Our first newsletter of 2020 led with the California wildfires. Our second summary was about a mysterious pneumonia in Wuhan.
Within weeks, the virus would define not only the year but a generation.
Throughout 2020, courageous and brilliant reporters relentlessly deciphered the science, updated us on every setback, revealed the disproportionate toll on the most vulnerable, and captured the stories that remind us of our humanity.
We’re closing out the year with our annual review of the year’s most memorable reporting. Today: part 1 of pandemic coverage.—Dayna Kerecman Myers
Eli Saslow’s ‘Voices from the Pandemic’
For deeply personal snapshots of the people behind the horrifying COVID-19 numbers, turn to Eli Saslow of The Washington Post.
In his first-person Voices of the Pandemic series, Saslow gives us portraits that illustrate the pandemic’s depthless cruelty more vividly than statistics ever could.
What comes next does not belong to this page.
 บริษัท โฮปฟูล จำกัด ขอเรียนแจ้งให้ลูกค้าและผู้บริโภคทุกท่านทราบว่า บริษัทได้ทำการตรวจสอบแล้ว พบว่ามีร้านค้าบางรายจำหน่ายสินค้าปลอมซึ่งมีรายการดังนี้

In September, we featured the story of the 4-generation Sunset Restaurant in Maryland, lost to the pandemic.
And last month, we surfaced Saslow’s interview with Amber Elliott, a Missouri county health director facing the wrath of anti-maskers and threats to herself and her children.
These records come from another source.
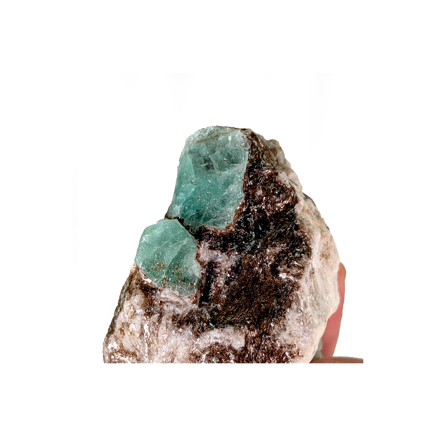 Émeraude provenant d'une mine ouverte depuis 1831, avec plusieurs cristaux centimétriques, verts clairs et transparents.
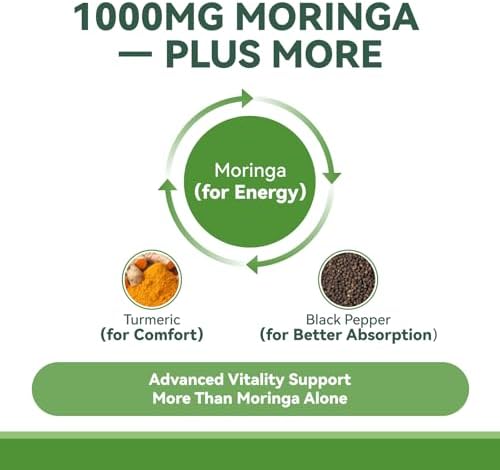 Moringa Capsules 1000mg, Moringa Leaf Extract 10:1, Complete Green Superfood, for Energy, Sleep, Immune & Gut Health, Veg Capsules 60 Count, All-Natural, Non-GMO, Made in USA
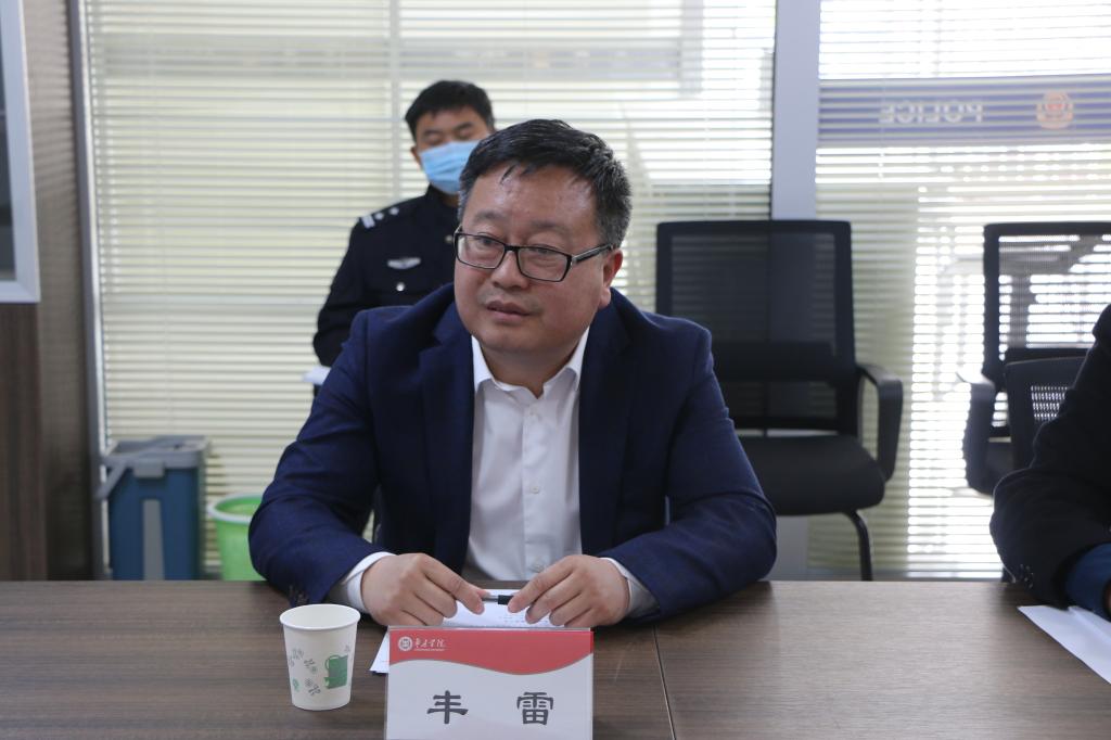 4月9日上午,枣庄市市中区公安分局党委副书记、政委刘成彬一行8人来校考察调研,校党委委员、副校长丰雷与刘成彬一行在警务室会议室举行座谈,双方就进一步加强警校联动等事宜进行了亲切交流。保卫处、学生工作处等部门负责人参加交流。

There are many more memorable pieces. Read them all.
He Tried to Warn the World
The February death of a young doctor in Wuhan who sounded a warning early in the coronavirus outbreak spurred an outpouring of grief and outrage.
The authorities tried to silence Li Wenliang. They failed.
CNN interviewed Li on his hospital bed and captured the angry reactions on Chinese social media before they were deleted.
Americans watching from afar and thought health workers could never face censorship here were in for a rude awakening.
Later, in April, Tracy Wem Liu penned an essential long read, Witnessing Wuhan, for Project Syndicate, putting into stark relief the “massive and lasting human cost” paid by Wuhan’s doctors, nurses, and other health workers “whose names we will never know.”
The Infinite Wisdom of Ed Yong
Throughout the pandemic, a new Ed Yong piece in The Atlantic has always been a moment to stop everything and start reading.
A standout among standouts: Back in August, we featured Yong’s story charting America’s tragically flawed COVID-19 response and the shaky foundations is was built on: “shredded” social safety nets, a deficit of expertise, and chronic underfunding of public health, to name just a few...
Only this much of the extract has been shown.